Watching the Republican Convention with Grandpa. A country western singer comes on and Grandpa asks me if I remember Mario Lanza (not sure if I follow that train of thought, Grandpa). Now John McCain is on, and Grandpa says, “He’s banging Obama!” LOL
I love my men! Robert and Eric are giving Grandpa a shower (I’m staying clear – the joking by those two is ridiculous and I am NOT going to repeat them all for Grandpa)! Anna said, “Poor, grandpa, he’s got two of them now.” Double the fun.
The late night merry-makers have returned for a dinner of chuck roast, potatoes, carrots, and gravy. Love the noise, the laughter and the brother-sister jesting! Dinner no matter what time of night is a joyful occasion!
Grandpa, Eric, and I are sitting out on the porch.

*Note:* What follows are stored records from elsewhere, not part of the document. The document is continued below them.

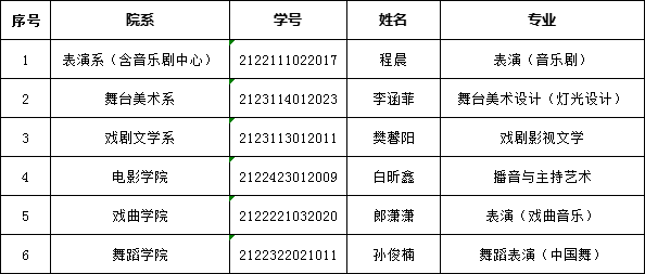 根据《财政部 教育部 人力资源社会保障部 退役军人部 中央军委国防动员部关于印发<学生资助资金管理办法>的通知》(财教〔2021〕310号)、《教育部 财政部关于印发<本专科生国家奖学金评审办法>的通知》(教财函〔2019〕105号)、《上海市教育委员会 上海市财政局 上海市退役军人事务局 上海市人民政府征兵办公室关于印发<上海市普通高等学校学生资助资金管理实施办法>的通知》(沪教委规〔2025〕8号)、《上海市教育委员会关于下达2025年学生资助补助计划(高等教育)的通知》(沪教委学〔2025〕45号)、《上海戏剧学院本科生国家奖学金管理办法》(上戏院发〔2025〕19号)等文件精神,本着“公平、公正、公开”原则,经过学生自主申请、二级院(系)审核推荐、学生处复核、校奖学金评审委员会和领导小组集体审议,拟推荐以下6名同学获得本科生2024-2025学年国家奖学金。
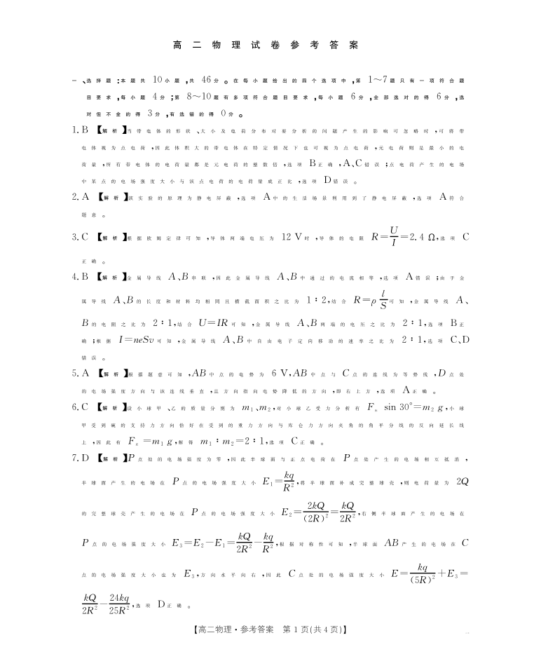 高二物理答案--江西省2025-2026学期高二上学期10月联考
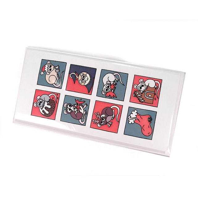 The cards use an original rat design by Kim Onyskiw and are printed on 105mm x 210mm (DL) long cards. The cards are blank inside for your own message and will come with 4 white envelopes.
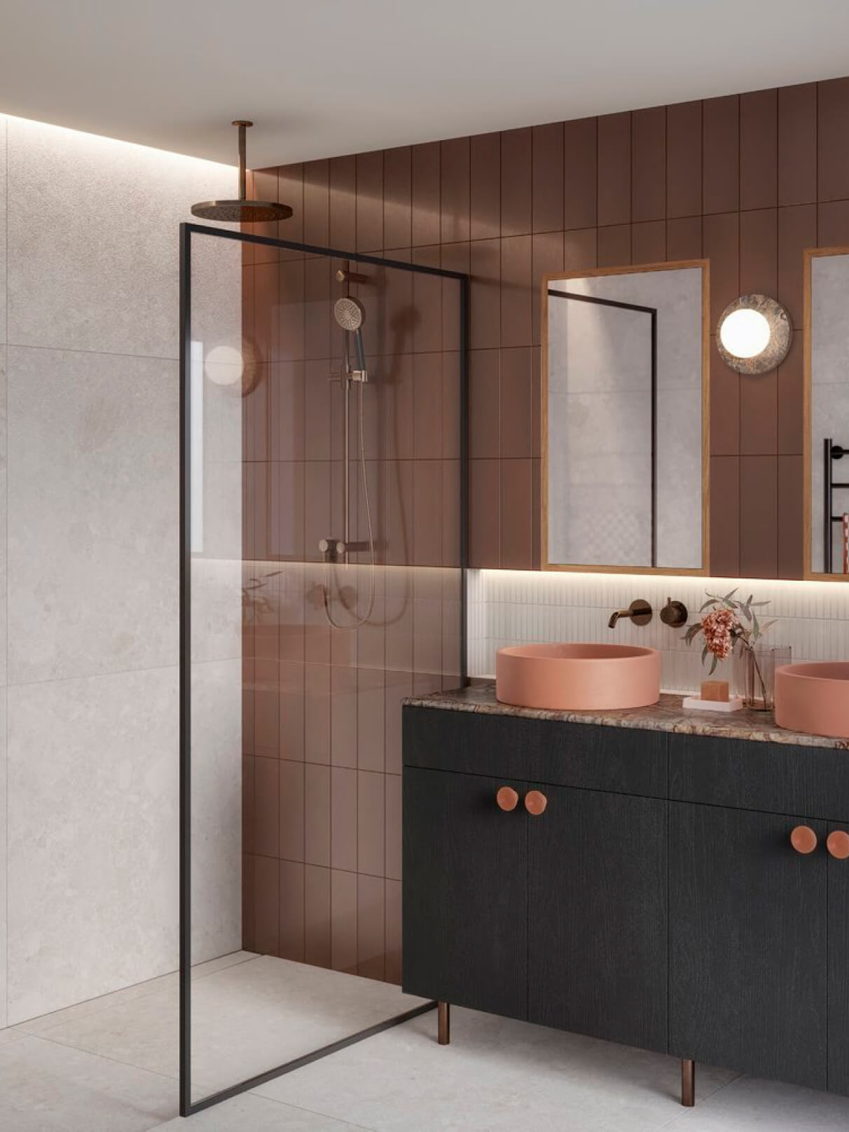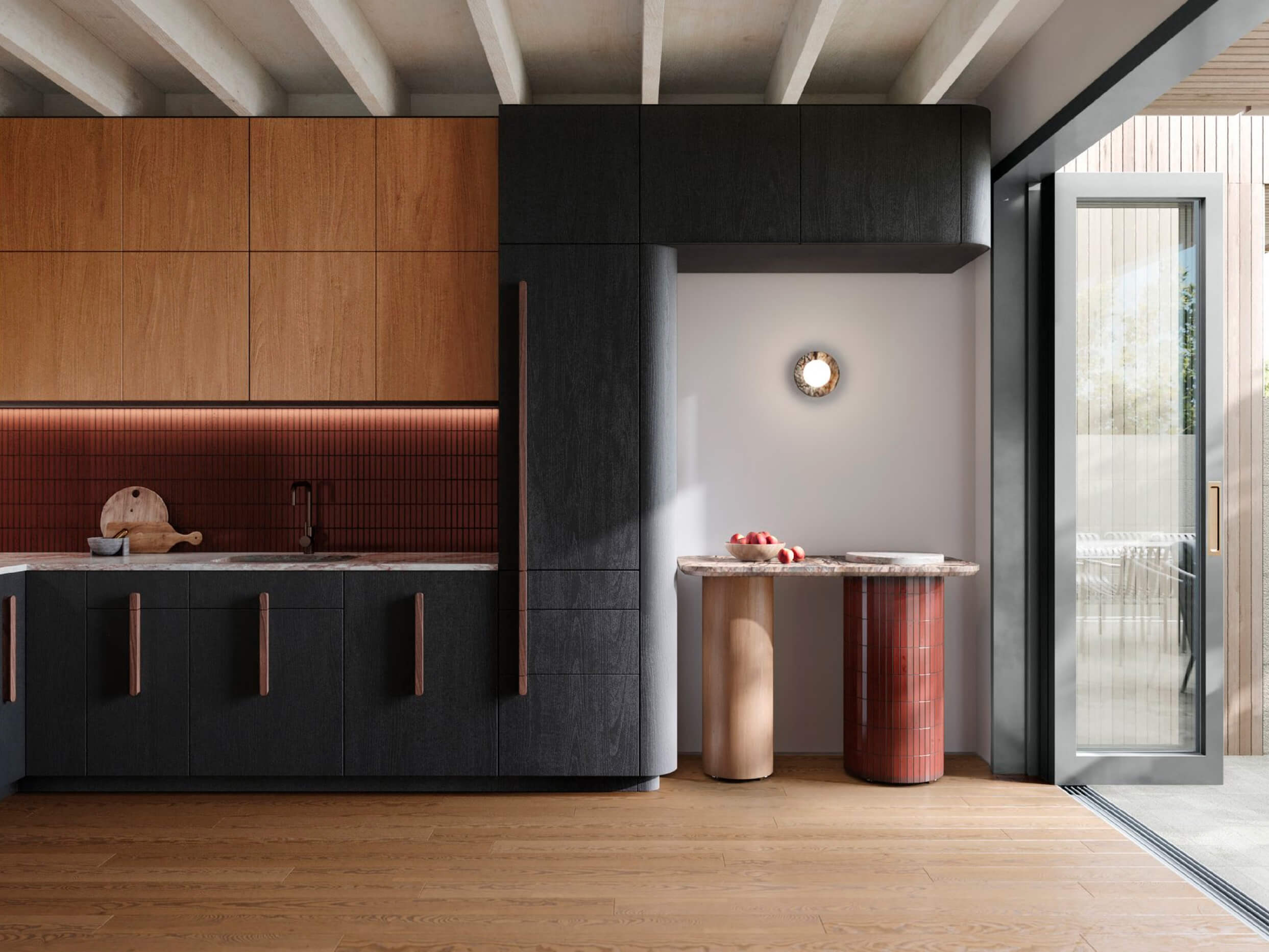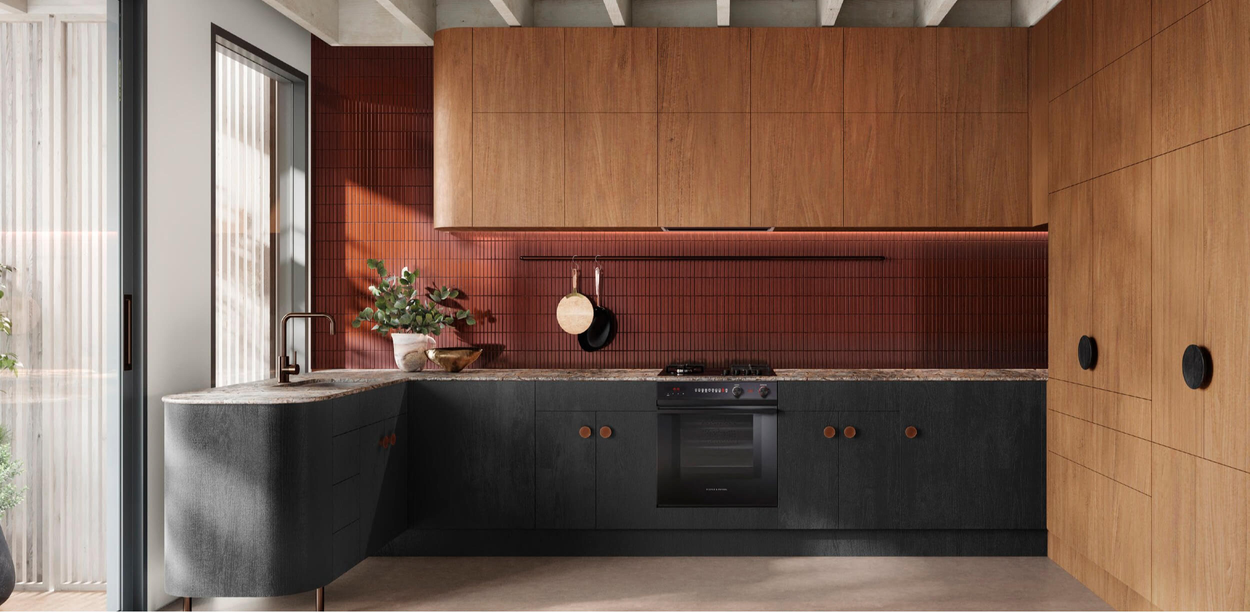 Drawing inspiration from its location, a contemporary colour scheme has been chosen that showcases the earthy hues of Kōkōwai (red ochre) and obsidian, complemented by the natural warmth of timber tones. Additional features have been designed with a neutral and minimalist touch, allowing ample natural light to flood the interiors and create an open and inviting ambience.
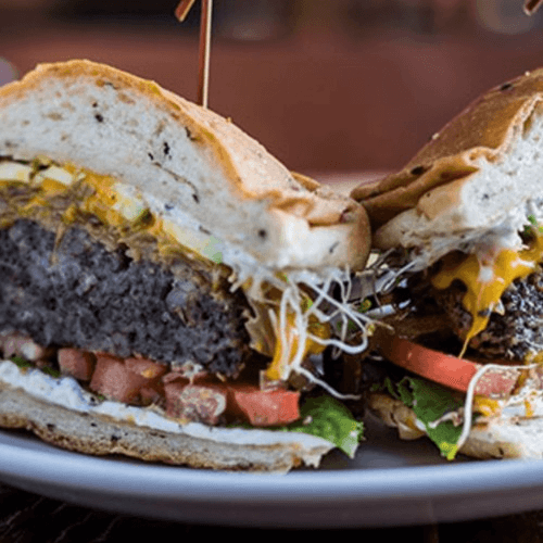 Shredded mushrooms, barley & potato patty seasoned with garlic & thyme on a toasted herb focaccia roll with rosemary aioli, caramelized onions, tomatoes, romaine, & alfalfa sprouts. Note: Burger patty contains gluten.
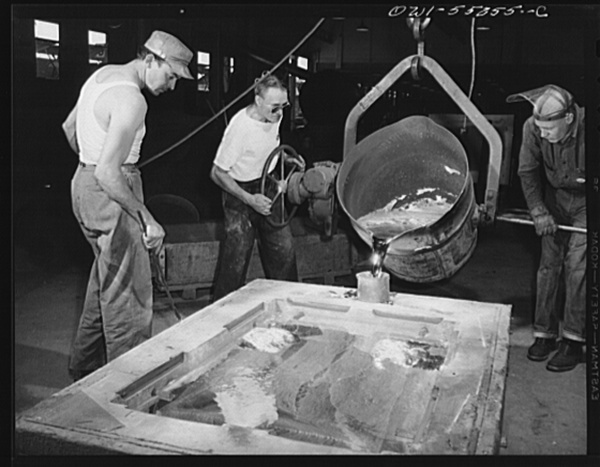 In North American's foundry, kirksite is poured into a mould to be used in press to shape plane parts
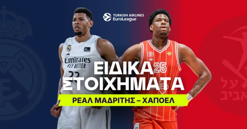 Η Ρεάλ Μαδρίτης αντιμετωπίζει την Χάποελ Τελ Αβίβ για τα playoffs της Euroleague και το BetMarket.gr έχει τις αποδόσεις μπάσκετ της σειράς και τα καλύτερα ειδικά στοιχήματα.
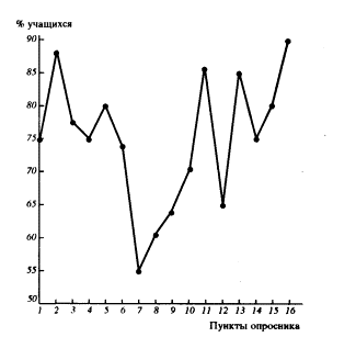1) изучение отношения к утверждению каждого пункта опросника у учащихся V-IX классов. Показателем положительного отношения к каждому утверждению или отрицанию является процент соответствующих ответов (согласен или не согласен);
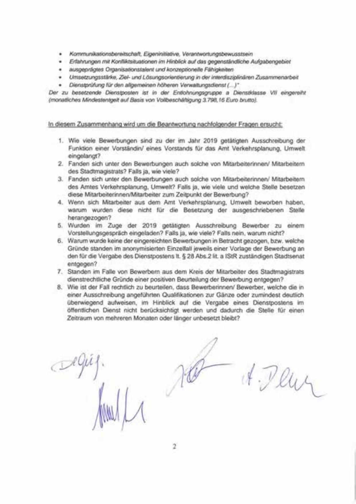 den für die Vergabe des Dienstpostens lt. § 28 Abs.2 lit. a IStR zuständigen Stadtsenat
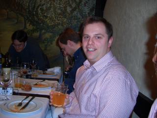 Aquí vemos a Nacho tomando un gran vaso de Sidra. Sí, parece fanta de naranja, pero es Sidra. Tambien podemos ver a Cristina, que se descojona y a Mariano, intentando disimular los efectos devastadores de la Sidra
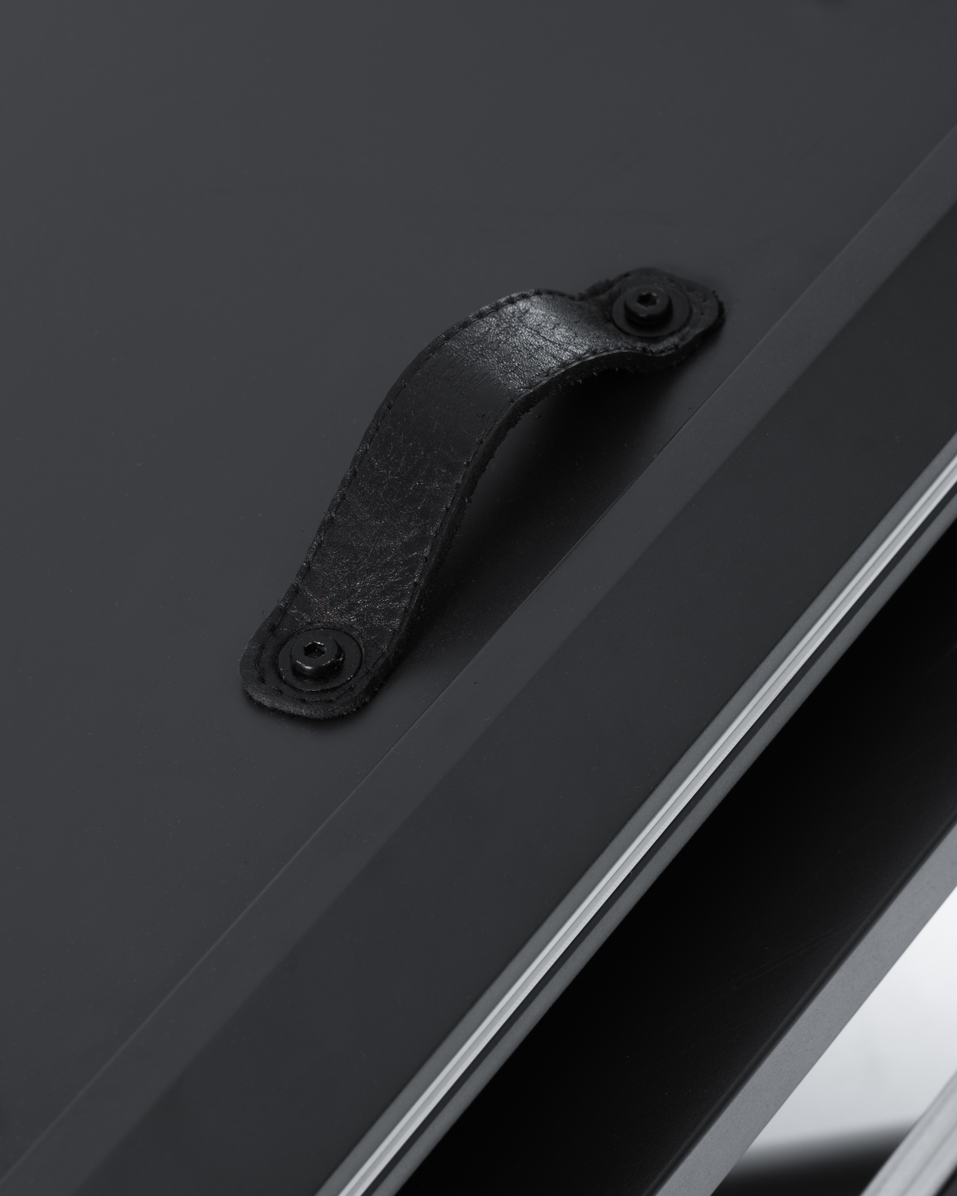 В коллекции Theone также присутствует стол с покрытием из черного матового стекла.

It’s a little warm out here and I asked Grandpa if he wanted me to take his long sleeve shirt off (he has an undershirt on), but I could tell by the way he shook his head that he wouldn’t be caught dead on the porch in his underwear. I told him, “You’re too much of a prude to be caught in your pajamas, Grandpa!” He laughed. He definitely is a prude and a real ladies man. We managed to convince him to unsnap his shirt down the front. He’s wearing a vintage cowboy shirt with pearlized buttons. Yep, quite a ladies man!